Nor have I wanted one.

I also started a weight loss plan that day and so far I have lost 25 pounds. And I am a NoFizzer for life. I occasionally will have some lemonade, or coffee, but the vast majority of my liquid intake is water. I bought myself some cool water bottles and I carry water with me everywhere. I have a certain amount that I drink by certain times every day – like a bottle by the time I get to work, another bottle by 11, another by after lunch, etc. People who know me are shocked to see me drinking water all the time – but it is the very best thing I can do for my body, so why wouldn’t I do it?

I’m also glad to report that my kids aren’t drinking soda anymore either – once in awhile, as a treat, they might have some.
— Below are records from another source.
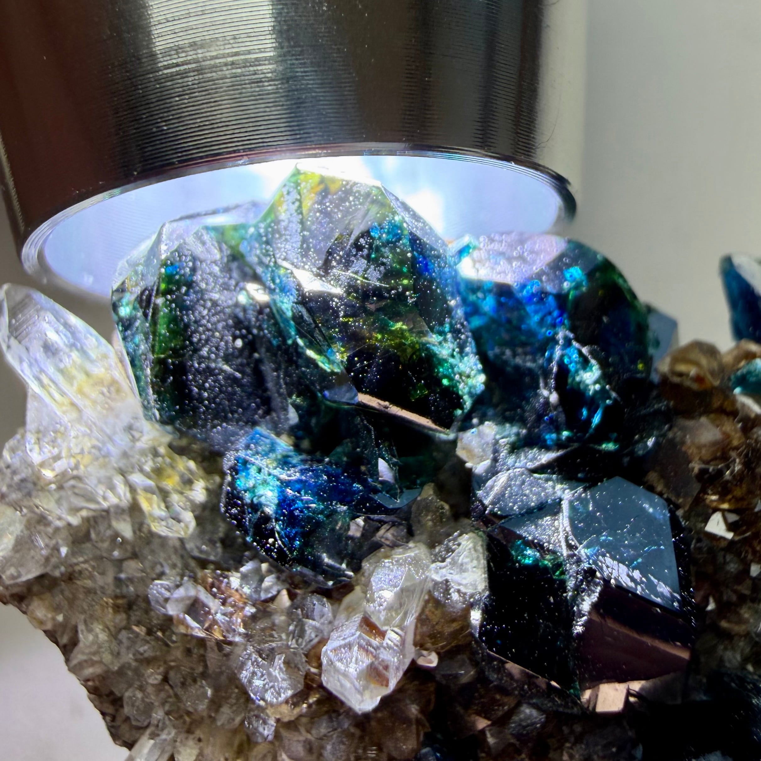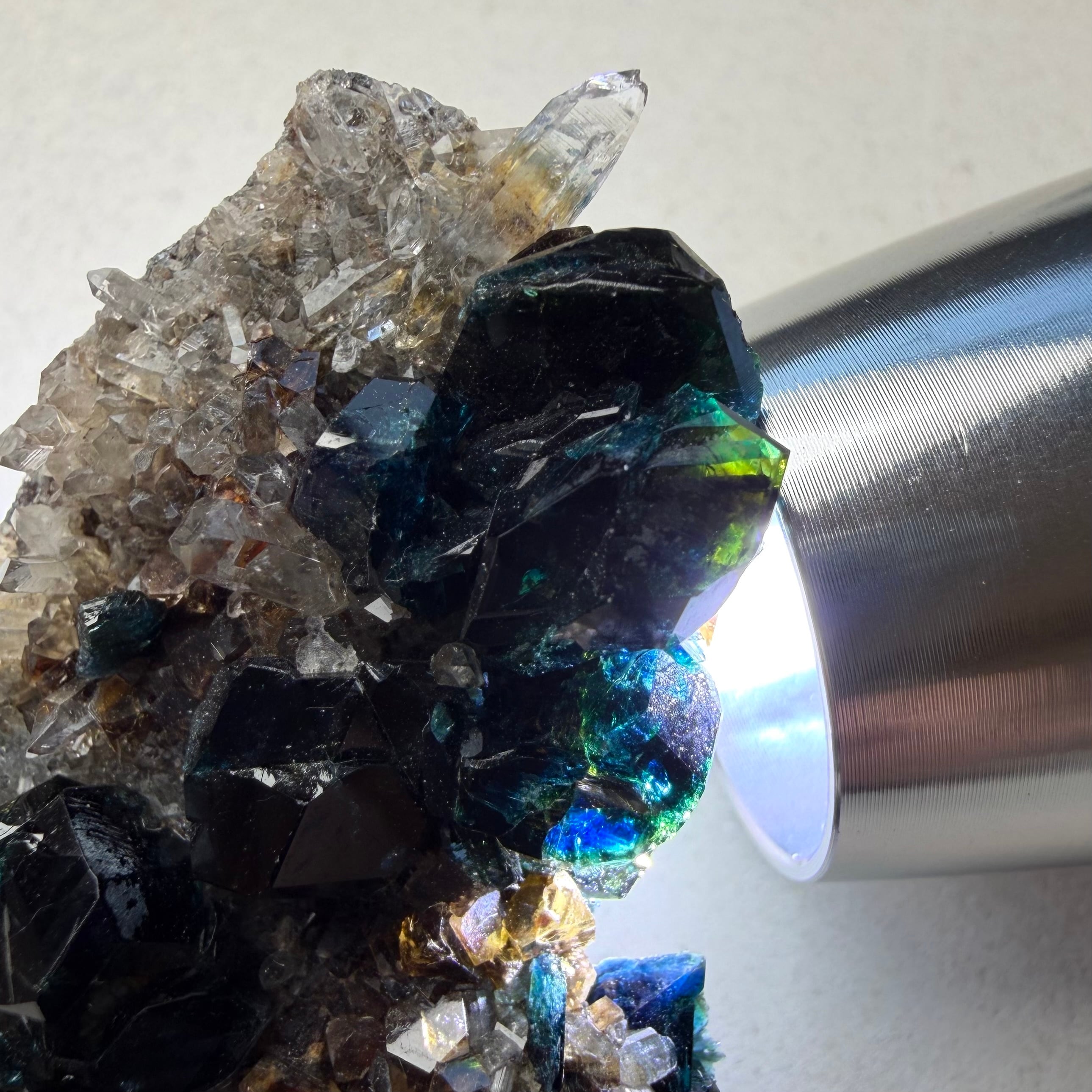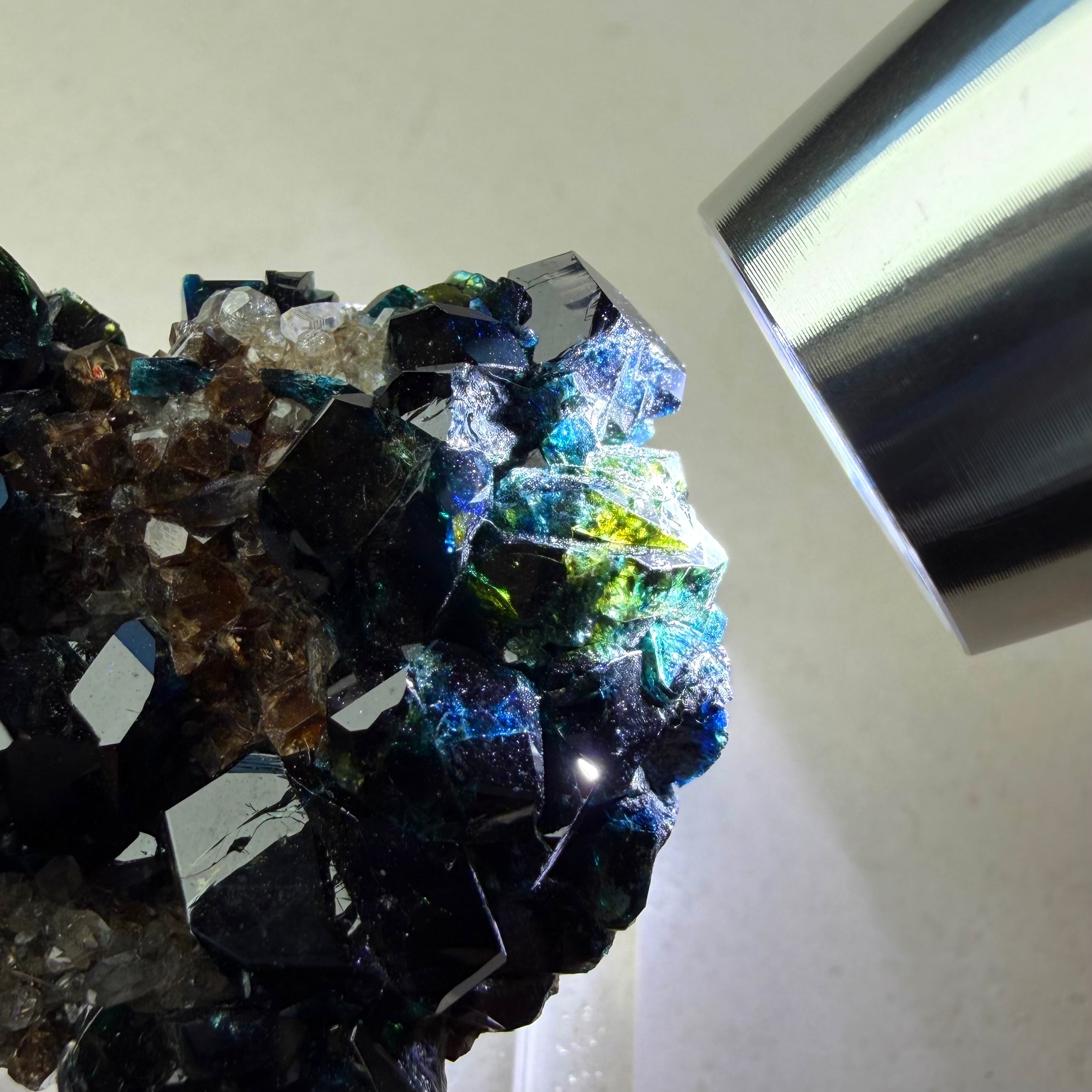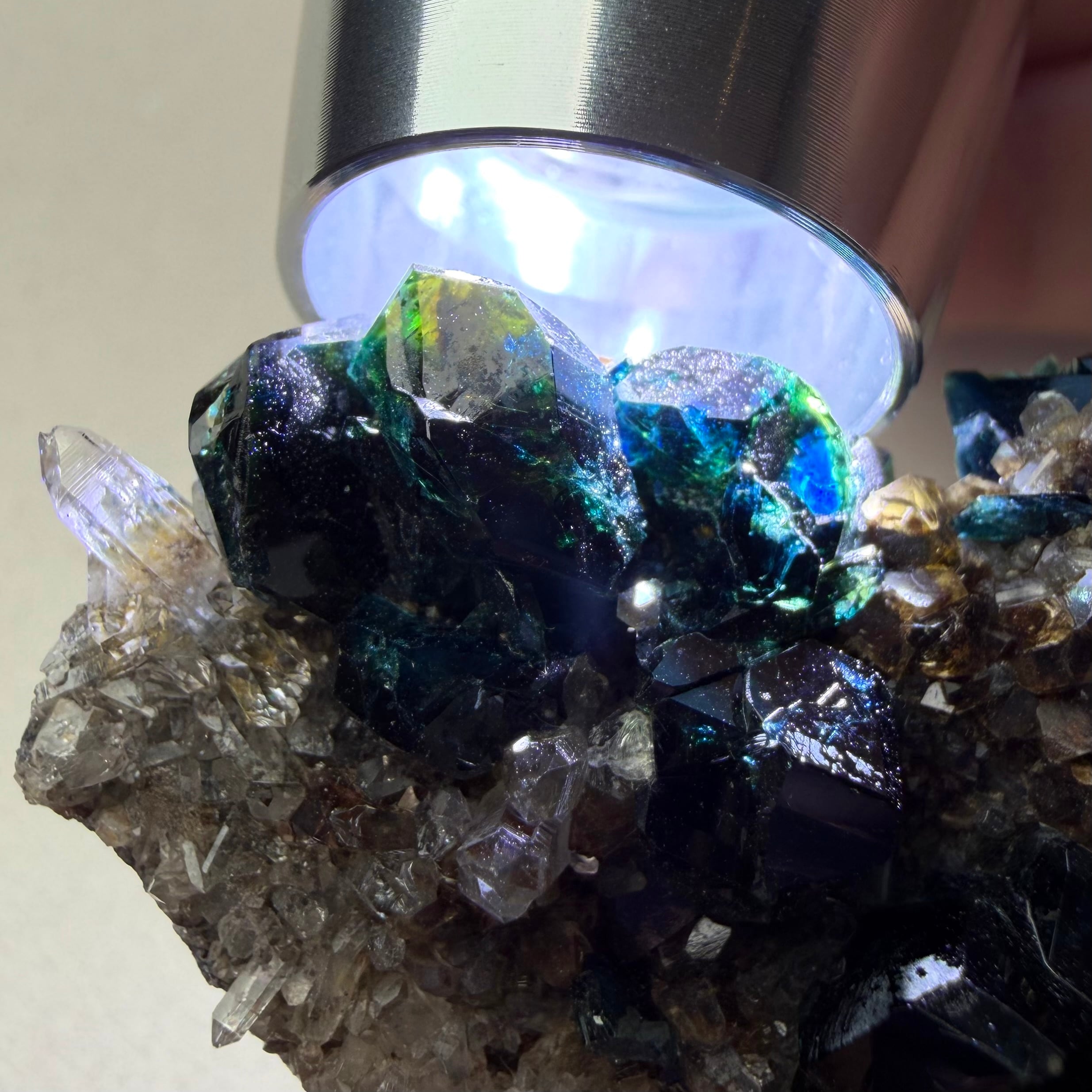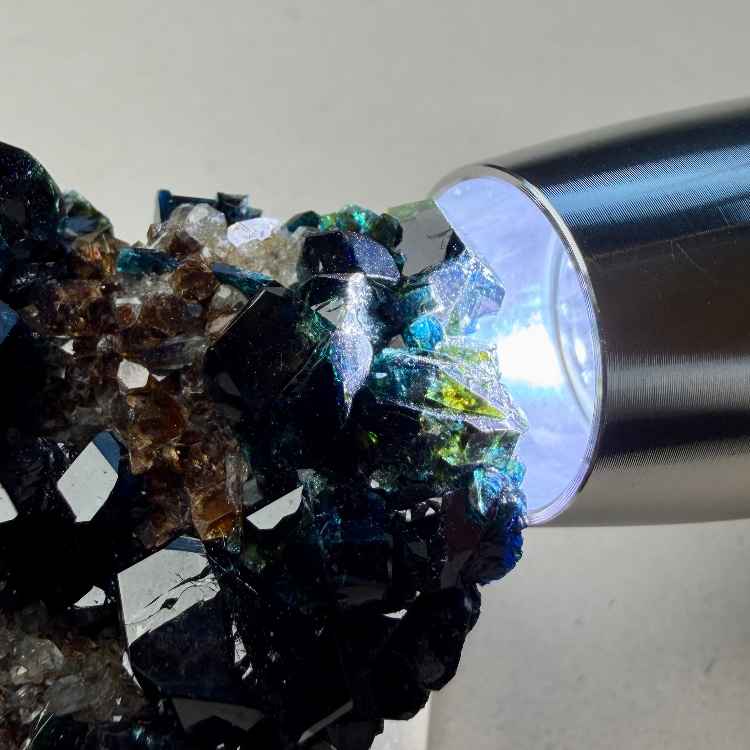また、サイズ感に優れている点と合わせて透明感とテリの強さも良好、分厚いためにしっかりとした光源を必要としますが、画像の通り透かすことでブルーグリーンの美しい発色を楽しむことができます。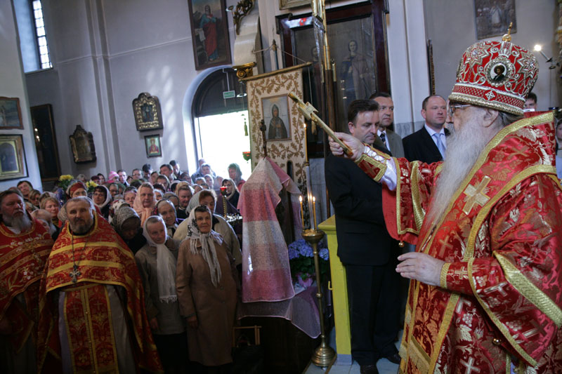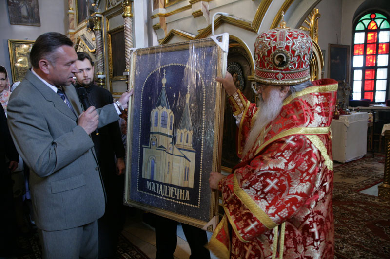 16 мая 2009 года. Память преподобного Феодосия, игумена Киево-Печерского (1074). Божественную литургию в храме в честь Покрова Пресвятой Богородицы и закладку капсулы в основание нового храма во имя святого великомученика Георгия Победоносца в г. Молодечно совершил Митрополит Минский и Слуцкий Филарет, Патриарший Экзарх всея Беларуси.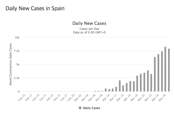 새로운 확진자 수는 3월 18일 경 2,943명에 이르렀고, 매일 수천 명씩 신규 확진자가 발생하고 있습니다. 최근에는 확진자 수가 3월 26일 8,271명을 기록했으며 매일 7,000명을 넘으면서 이탈리아보다 더 많은 확진자가 발생하고 있습니다. 매우 위험합니다.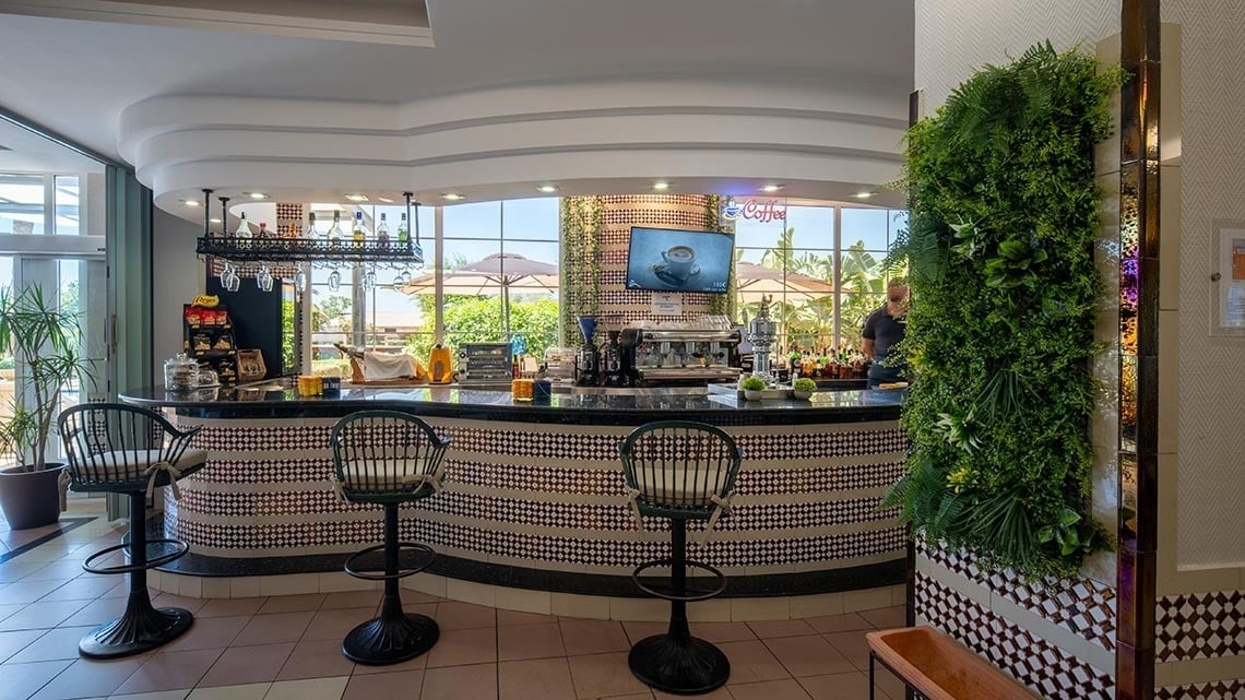 Descubre ambientes únicos en nuestras acogedoras cafeterías, ideales para disfrutar de las suaves temperaturas de la Costa de la Luz onubense durante todo el año, mientras deleitas tus sentidos con refrescantes bebidas y espectáculos en vivo en nuestra temporada estival.

But we don’t keep it in our house and we don’t even miss it, now that it’s done.

If you’re thinking about doing a 30 day challenge – do it. Just take the first step. But have a plan – know what you will do to defend yourself against caffeine withdrawal, what you will order instead when you eat out, what you will keep around the house to drink…make it special. Try water with lemon, lime, orange, melon. Get a water filter for your tap or a pitcher. Drink out of a really pretty glass. Notice how when you drink water your thirst is quenched – your skin looks better, your body works more efficiently, your mind is clearer, and you know you are doing something really great for yourself.

Take the first step. One small change that will change your life, if you let it.